Marmaray kazılarında bulunan batık gemilerin her parçası özenle sökülerek Yenikapı Batıkları Araştırma Merkezi’ndeki öğrencilerce konservasyondan geçiriliyor. Ayrıca gemilerin “Faro Arm” denilen özel bir cihazla üç boyutlu resimleri çiziliyor. “Dünyanın en büyük batık projesi”ne çalıştıklarına dikkat çeken Proje Başkanı Doç. Dr. Ufuk Kocabaş, bulunan gemileri yük ve kadırga olarak ikiye ayırıyor: “Bunlar 1200 yıl önceye ait çok nadir bulunan gemiler. Donanmada kadırgalar kullanılmış. Mesela bazı kadırgalara ‘Rum ateşi’ deniliyor. Ondan önce ‘koç boynuzları’yla düşman gemisi batıran Roma gemileri vardı. Casus gemilerini bile bulduk. Galeya’ların tüm iç detaylarını 3 boyutlu görebiliyoruz. Örneğin kürekçilerin oturma yerleri, iskele ve sancak tarafını tutan bir gergi olarak kullanılmış.”

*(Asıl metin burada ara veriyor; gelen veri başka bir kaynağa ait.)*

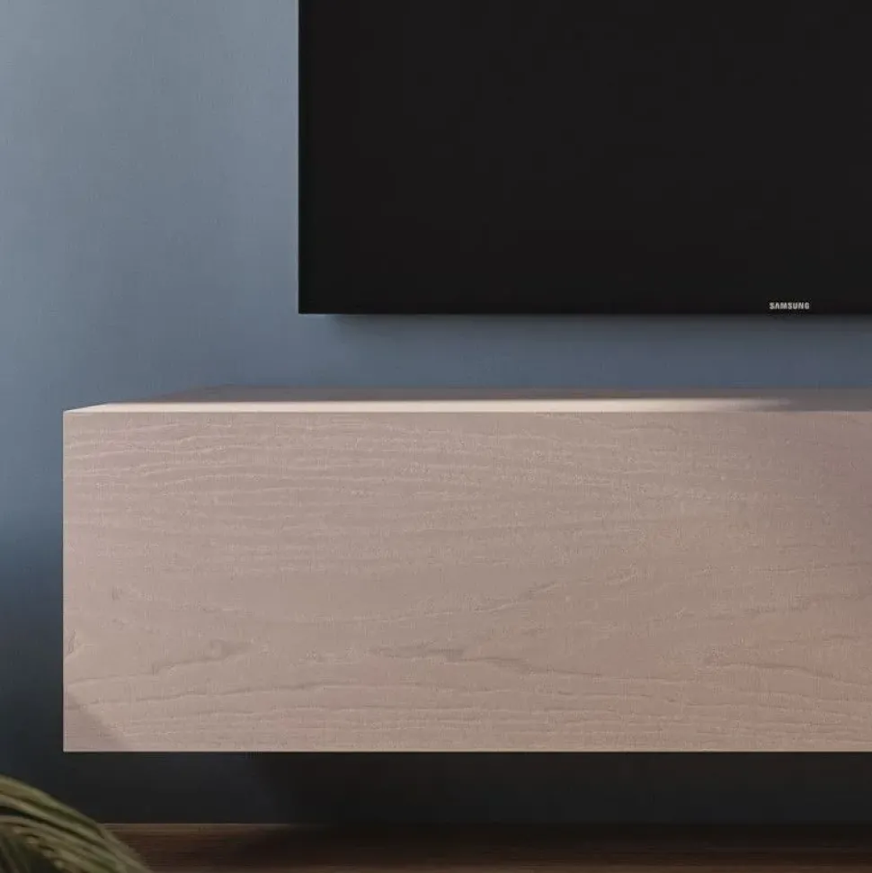 La composizione per la zona giorno qui presente è realizzata in materiali pregiati e resistenti negli anni: questo modello, in particolare, è in legno.
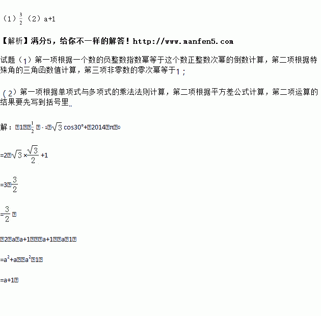 (1)计算:()﹣1﹣cos30°+(2014﹣π)0;
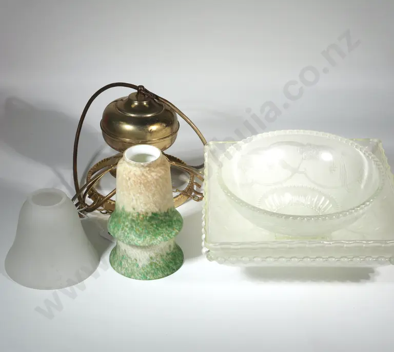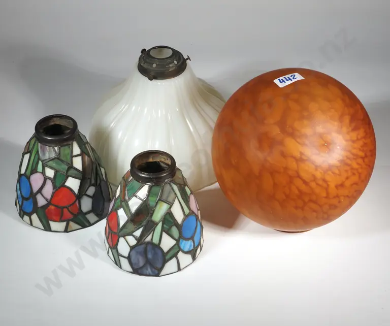 Four Vintage Lamp Shades - Two Stained Glass Shades, Pink Glass Shade, Large Milk Glass Glass Shade
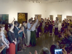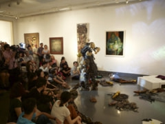 オープニングレセプション後には、シャシャヒグビーによる乾漆の仮面や漆を施した衣装作品を身につけて踊るダンスパフォーマンスが行われた。
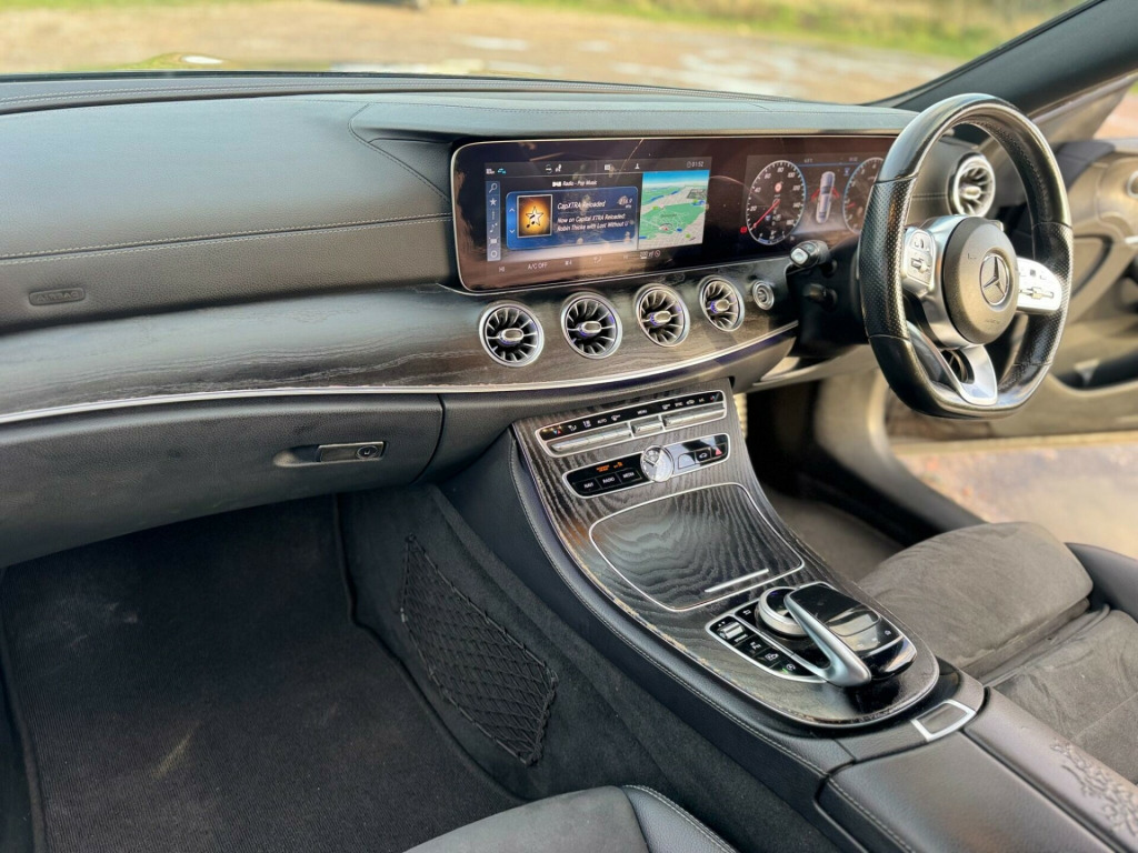 This 2019 Mercedes Benz E Class E300 AMG Line boasts a remarkable provenance, having been cherished by only two owners. Under the bonnet, you'll find a responsive 2.0 litre petrol engine, compliant with Euro 6 emissions standards, paired with an AMG Line trim that promises a dynamic driving experience. This E Class comes equipped with a sports exhaust system for an enhanced sound, and LED High Performance headlamps with integrated LED daytime running lights for excellent visibility. Inside, enjoy the comfort of automatic two zone climate control and the convenience of the Audio 20 USB system with Bluetooth connectivity.The E300 AMG Line also features Active Park Assist, utilising front and rear sensors to make parking effortless. You'll appreciate the generous boot space, offering ample room for luggage or shopping. Furthermore, its low CO2 emissions indicate a more environmentally conscious choice compared to many vehicles in its class. These carefully selected features and its low owner count demonstrate how this Mercedes Benz E Class offers a superior ownership proposition. iving assistance package, 20in alloy wheels - amg multi-spoke-design - painted in high-gloss black with high-sheen finish, leather - black, 19in alloy wheels - 5-twin-spoke design - painted titanium grey with high-sheen finish, abs - anti-lock braking system, amg bodystyling - front and rear apron - side skirts, amg boot lid spoiler in body colour, attention assist, active bonnet - pedestrian safety measure which detects an impact and raises bonnet, active brake assist, active park assist, adaptive brake lights, adaptive brake system with hold function and brake drying in the wet, agility control suspension with selective damping system and lowering by 15mm, airbag - kneebag for driver, airbags - driver and front passenger with extended adaptivity for front passenger airbag, airbags - headbags, airbags - sidebag for driver and front passenger - combined thorax-pelvis bag, airbags - windowbags, alarm system with immobiliser and interior protection, analogue clock in centre console, audio 20 usb, automatic child seat recognition sensor, automatic climate control - two-zone, belt feeder, blind spot assist, brake wear warning display, central locking with interior switch-automatic locking and crash sensor with emergency opening function, central stowage compartment with 12v socket in centre console, cruise control with variable speed limiter, dab digital radio tuner, direct-steer speed sensitive steering, door pins in chrome, dynamic select with a choice of driving modes - comfort - eco - sport - sport plus - individual, esp - electronic stability programme, electric parking brake, electric windows - 4 - with one-touch opening and closing - including obstruction sensors, electronic key - chrome surround, exhaust system - visible twin-pipe integrated into the bumper, first aid kit and warning triangle, floor mats with amg lettering, front centre armrest with stowage compartment, front door sill panels with mercedes-benz lettering - illuminated, glove compartment - lockable - air-conditioned and illuminated, head restraints for driver and front passenger 4-way and in rear 2-way adjustability, headlamps - led high performance with integrated led daytime running lights, heated front seats, high-resolution 12.3in multimedia colour display, isofix child seat attachment points - rear seats, instrument cluster - widescreen 12.3in cockpit display, interior 64-colour ambient lighting, keyless-go starting function, mercedes me connect, mirror package, outside temperature display, perforated front brake discs with mercedes-benz lettering, pre-installation for roof rail systems, pre-safe anticipatory safety system, privacy glass, radiator grille with integrated mercedes-benz star - single louvre in matt iridium silver with chrome trim, rain sensing windscreen wipers, rear lights - led, remote boot release, reversing camera, run flat tyres, sd card-based navigation system, seat belts - three-point, seat comfort package - driver and front passenger seat, seat occupancy sensor - front passenger seat, seats - rear split folding 40-20-40, service indicator assyst, sports exhaust system, sports pedals in brushed stainless steel with black rubber studs, status display for rear seat belts in instrument cluster, steering column - manually adjustable for height and reach, steering wheel - 3-spoke amg multi-function with touch control buttons - trimmed in black nappa leather with flattened bottom section, steering wheel - gear shift paddles, steering wheel - touch-control buttons for audio and onboard settings, stowage package, sun visors with illuminated vanity mirrors, sunglasses compartment in overhead control panel, top surround of side windows in polished aluminium, touchpad with control wheel, trim - centre console in black open-pore ash wood, trim - dashboard and door - black open-pore ash wood, trim - upper dashboard - artico leather with contrast top stitching, trip computer in multi-function display showing current fuel consumption, tyre pressure monitoring system, usb ports in centre console x2, usb ports in the rear x2, waistline in polished aluminium

“Bir sene yaşayan da var iki ay içinde ölen de...”
Suyun altına iyice gömüldüğü zaman tarihi eserlerin karadakine kıyasla yüzde 70 oranında daha iyi korunduğuna dikkat çeken Doç. Dr. Kocabaş, kalıntıların suyun dışına çıkartıldığı andan itibaren hızlı bir bozulmaya uğradığını vurguluyor: “Kimyasal koruma 6-7 ayda aktifliğini kaybediyor. Biz kimyasal korumalardan yardım alıyoruz ama aynı biyolojik korumada Japon balıklarını da kullanıyoruz. Japon balıkları ile son derece başarılı sonuçlar elde ettik. İstanbul’da iklim sıcaklığı farkı olduğu için bu tür arkeolojik eserlerin depolanmasında bakteri, mantar ve kurt ile karşılaşmak büyük bir sorun. Bunun için güçlü bakteri önleyiciler kullanıyoruz; ama neredeyse 10 aydır kullandığımız Japon balıklardan olumlu sonuçlar aldık. Balıkların olduğu gemilerde kurtçuk ve larva üremesi sıfıra indi. Bir sene yaşayan balık da var iki ay içinde ölen de... Ama zararlı mantar ve kurtçuklarla çok etkili mücadele ediyorlar. Burada sıcaklık bazen 0 dereceye iniyor. Ev ortamında değiller.”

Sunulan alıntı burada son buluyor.